Benjamin Graham on Value Investing is the right third book in this line — it collects Graham's later essays and interviews, including his 1976 interview in which he reflected on the limits of pure quantitative value investing in a world of institutional money managers. It's the most candid Graham writing available.
If the Intelligent Investor raised questions about stock selection
One Up on Wall Street by Peter Lynch is the most readable practical guide to individual stock analysis. Lynch's approach is less rigorous than Graham's — he emphasizes the investor's informational advantage in familiar industries — but it's more actionable for readers who want to analyze specific companies rather than develop an abstract investment philosophy.
Value Investing Made Easy by Janet Lowe translates Graham's framework into a practical checklist. It lacks the depth of The Intelligent Investor but works as an application guide for readers who found the original dense.
If the Intelligent Investor prompted questions about the passive alternative
The Intelligent Investor's final chapters raise the question of whether even defensive investors can consistently beat the market through stock selection.
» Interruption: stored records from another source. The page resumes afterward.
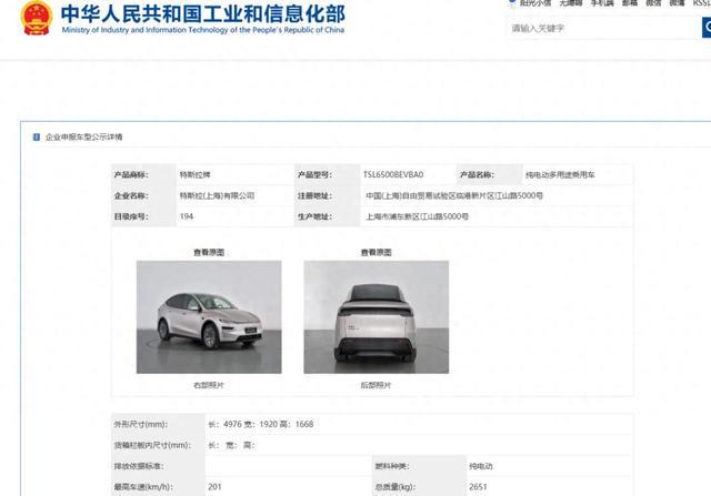 7月16日,工业和信息化部在官网公布第397批《道路机动车辆生产企业及产品公告》,特斯拉纯电动多用途乘用车名列其中。信息显示,该产品为6座车型,车长为4976mm。
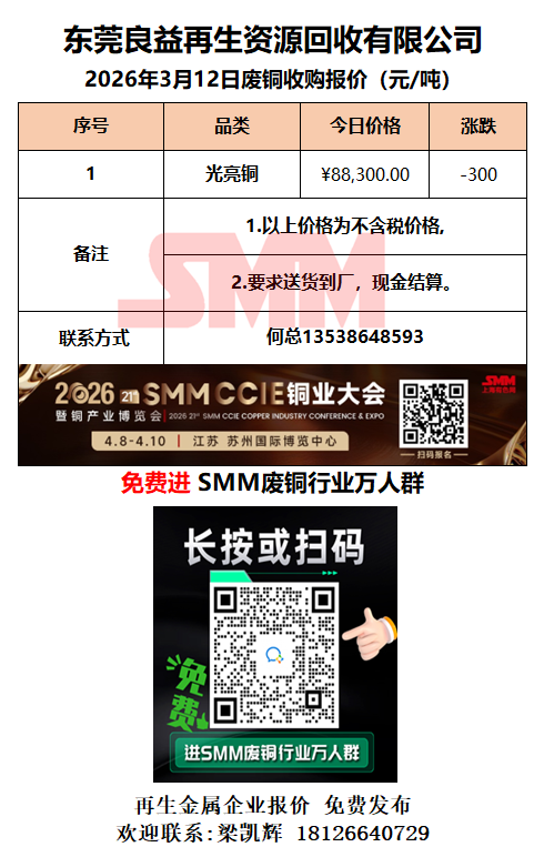 3月12日高诺(衡阳)铜业 废铜采购报价
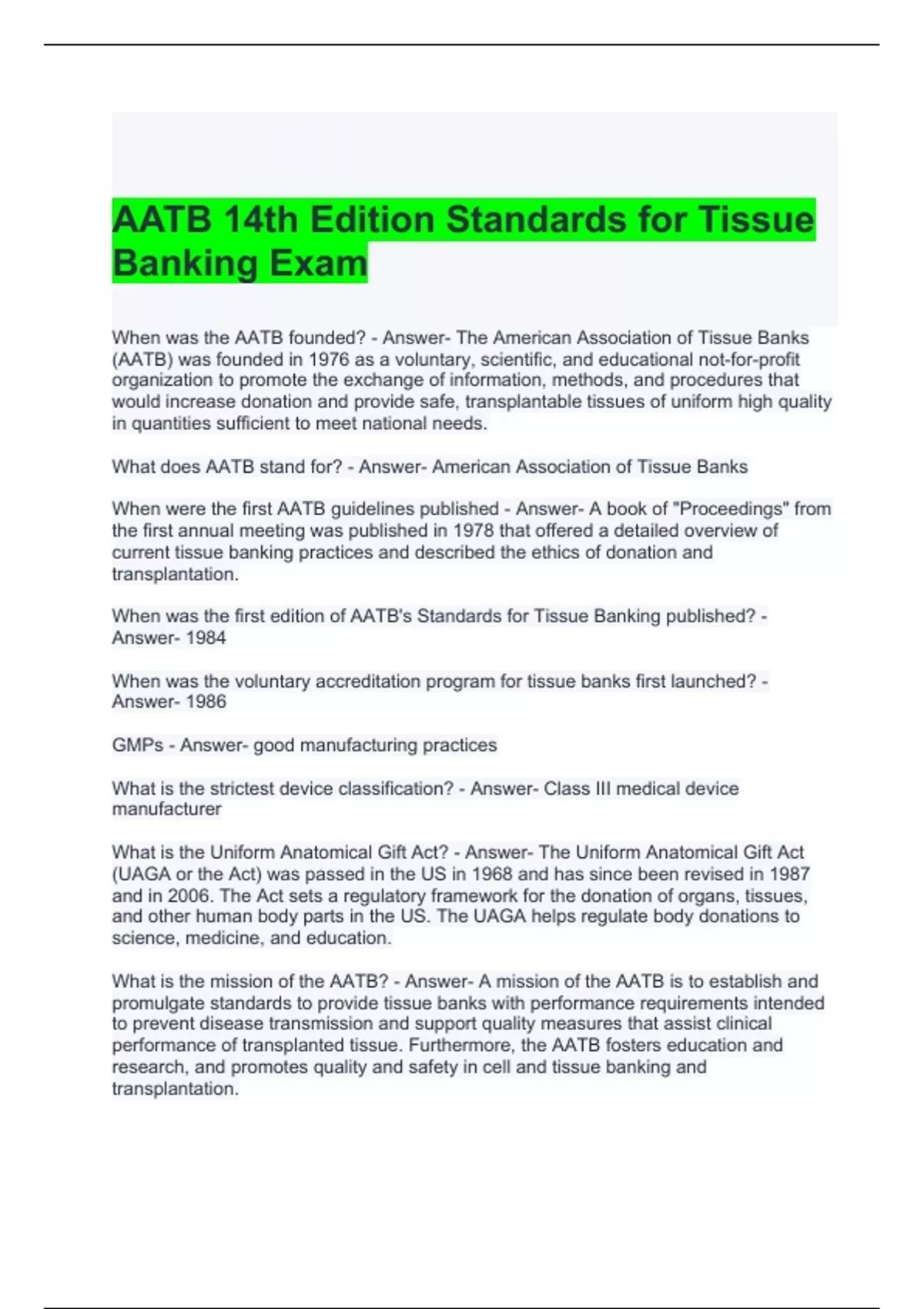 AATB 14th Edition Standards for Tissue Banking Exam 2024
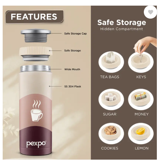 Pexpo Crypto ISI Certified Bottles are made for black coffee, green tea lovers as well as for daily office commute. Hidden compartment to carry medicines, tea bags, coffee etc. These Jars undergo rigorous testing for durability, corrosion resistance, and material composition to ensure top-notch quality. Designed for easy carrying by hand or in your backpack’s side compartments, this bottle is perfect for use at the office, gym, or while traveling. You can keep your drinks at the perfect temperature. The innovative design of these bottles includes two steel layers sandwiching a thicker aluminum sheet, which ensures that hot drinks stay hot and cold beverages stays cool. Made from high-grade stainless steel (304 Layers), this bottle is durable, non-corrosive, and resistant to rust, and bacteria. The wide-mouth design allows for easy filling, cleaning, and customization with ice cubes or fruit slices. Additionally, it is leak-proof and BPA-free, ensuring your safety. Apart from its practical benefits, the Pexpo flask also looks great. Modern design is eye-catching and will make you stand out from the crowd. The bottle is available in different colors to suit your style and preferences
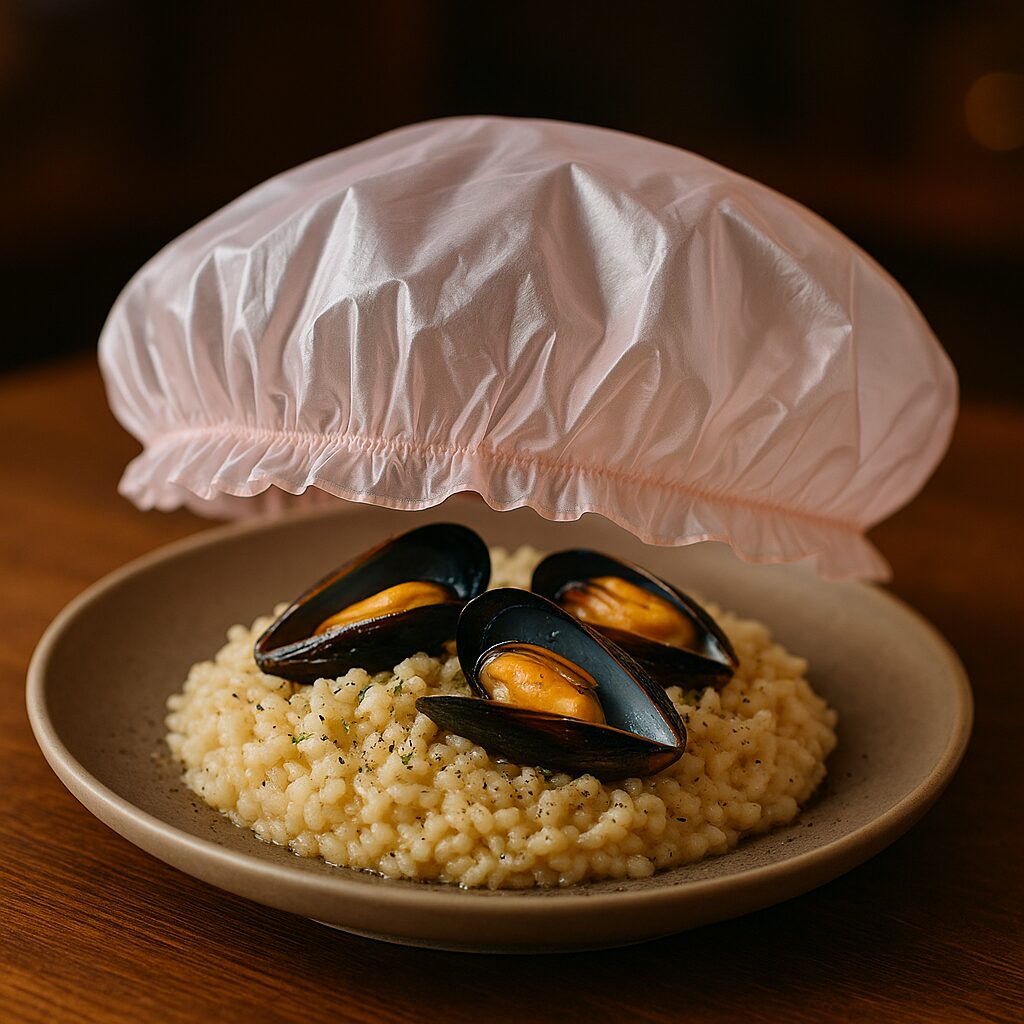 シャンプーハットを水で洗い、口を広げて鍋の蓋に準備。玉ねぎをみじん切りにし、オリーブオイルで炒める。ムール貝を加えて白ワインで蒸し煮にする。米を加えて軽く炒め、魚介スープストックを少しずつ注ぎながら煮込む。シャンプーハットをかぶせて香りを閉じ込め、風味を引き立てる。バターとパルメザンチーズを加えて仕上げに。塩で味を調え、コショウを振りかけて盛り付け。

The Simple Path to Wealth by JL Collins argues the answer is no — and builds the case for index fund investing on top of the same behavioral foundation Graham established. Reading Collins after Graham is instructive because Collins's conclusions (passive beats active for most investors) sit in genuine tension with Graham's method (careful security selection beats passive if done correctly).
Understanding both arguments equips a reader to make an informed choice rather than defaulting to one approach without examining the other.
If the market psychology chapters resonated most
Graham's "Mr. Market" metaphor — the manic-depressive business partner who offers to buy or sell shares every day — is one of the most enduring frameworks in investment literature. The Psychology of Money by Morgan Housel updates this framework with behavioral economics research published in the 50 years since Graham's final edition. Reading Housel after Graham connects the intuition Graham expressed in metaphor to the research that explains it mechanically.
There's Always Something to Do by Peter Cundill is a practitioner's account of value investing in the Graham tradition — Cundill ran a successful value-oriented fund for decades. It's the most concrete example of how a real investor applied Graham's framework across multiple market cycles.
A note on the order of reading
Many readers encounter The Intelligent Investor after reading one of the books above — particularly after reading about Buffett's reading history. If that's the case, the sequencing reverses: The Intelligent Investor functions as a foundation book even when read second or third, because its framework is abstract enough to retrofit onto any prior finance reading.
Common questions.
Should Security Analysis be read after The Intelligent Investor?
Security Analysis is the more technical predecessor. Most readers are better served by the books listed above before attempting Security Analysis, which assumes accounting and financial statement literacy that The Intelligent Investor doesn't require.
How does The Intelligent Investor hold up against modern efficient market theory?
Graham's framework pre-dates efficient market hypothesis as a formal theory. The debate between value investing practitioners and efficient market theorists has continued for decades — reading both Graham and The Simple Path to Wealth (which accepts market efficiency) gives a reader both sides of the argument.
Is the 1973 edition or the 2003 edition of The Intelligent Investor better?
The 2003 edition with commentary by Jason Zweig. Zweig's chapter-by-chapter commentary bridges Graham's examples to modern markets without changing the underlying framework. The original text is preserved in full.